This section is from the book "Beekeeping for Beginners", by G. H. Cale, Jr.. Also available from Amazon: Beekeeping for Beginners.
From the end of the fruit bloom period until the beginning of the major honeyflow there is usually a period of dearth, often between the blossoming of dandelion and clover, when there is little or no nectar gathered by the bees. Many colonies which did not need additional feed during the early spring or midspring, may need sirup during this period. Some colonies may need only one feeding of sirup to carry them through, while others may require as many as three ten-pound feedings of sirup. Here again it is advisable to add 1/4 teaspoon of sulfa-thiazole sodium to each ten pounds of sirup given to a colony.
This period is truly called the danger period since many cases of colony starvation and swarming occur at this time. Starvation is easy to prevent and the wise beekeeper will make sure that his colonies have plenty of natural stores or sugar sirup during this period.
Swarming presents a number of different problems, all of which may be overcome by the beekeeper. The urge to swarm is probably inherent and instinctive and is stimulated by environmental conditions. Swarming usually occurs when the brood nest of the colony is crowded with worker bees and the queen is forced to slow down in her laying, although bees are known to swarm out of their hive for other reasons; for example, bees will swarm from their hive when they have reached the point of actual starvation, or a large, populous colony, approaching the honeyflow, but having a failing queen, may very quickly develop the urge to swarm.

Diagram of expanding the brood nest.

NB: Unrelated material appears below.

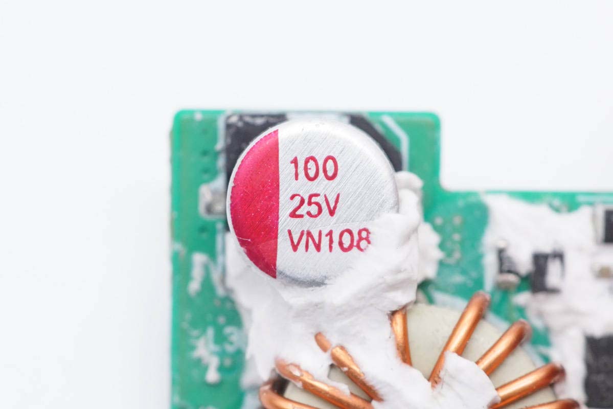 同步整流输出滤波电容采用柏瑞凯RT系列固态电容,规格均为25V 560μF。该系列电容具备超高的耐纹波电流能力,适合应用于大功率快充、通信、服务器、光伏逆变器、双向DC-DC等产品的储能和滤波电路,电压范围支持6.3V-100V,具有105℃/2000小时保证。

With four fairly well-filled brood combs flanked by stores in fruit bloom, one empty comb is moved in; a week later another is moved in, and about 10 days later two empty combs are moved in as diagramed.
Although some beekeepers talk proudly about having all of their equipment full of bees, the good beekeeper will have some extra equipment which is available at all times. It would indeed be poor management to allow a colony to swarm simply because you did not happen to have the bottom board, body, frames, cover, and a few pounds of comb foundation that are necessary to divide the colony. By the time the equipment could be ordered and arrive at its destination the swarm would have long since departed.
Since a crowded condition of the brood nest is one of the prime factors in swarming, the beekeeper should watch his bees carefully during the late spring period and make sure that the queen has plenty of room to lay. At this time of the year the super, which earlier was reversed beneath the body, should be placed back on the hive body. In addition to this the deep brood combs should be inspected and side combs containing pollen or honey should be removed and empty combs or frames of foundation placed in the hive. This will give the queen room to expand her egg laying into combs which would otherwise not have been available to her. The placing of the super back on top of the colonies will allow the worker bees to move excess stores from the brood chamber and again will make more room for the queen to lay. No matter what style of hives is used, the same system of reversal should be followed.

Notice the crowded condition of the bees. This hive should have at least two supers on at this time and one of them should be a foundation super to help relieve the crowding in the brood nest.
Worker bees between the ages of twelve and eighteen days supply the beeswax for the colony. It is at that age that beeswax is secreted most freely by the glands on the undersurface of the abdomen. This habit of the bee gives the beekeeper another method for swarm control. A colony which is going through a rapid build-up will have many worker bees of the right age for wax secretion. A strong, crowded colony may be given a shallow super of foundation. The super of foundation is "baited" by taking out two or three drawn combs from another super and placing them in the foundation super and placing the foundation frames in the lower super. This gives the wax secreters a useful task to perform and at the same time removes them from the brood nest which, of course, reduces the amount of crowding in the brood area.

Burr comb placed on the top bars of frames. A foundation super should have been given this colony so that this wax could have served some useful purpose.
An easy and very effective measure of swarm control is the practice of relocating or switching colonies. As described previously, the weak colonies exchange places with the strong. Not only does this cut down the field force of the crowded strong colony, and hence help to eliminate swarming, but it also helps to build up weak colonies that would otherwise not be able to make much of a honey crop. If no weak colony is available, the strong colony is simply relocated in a new spot so that the field bees will drift away from it.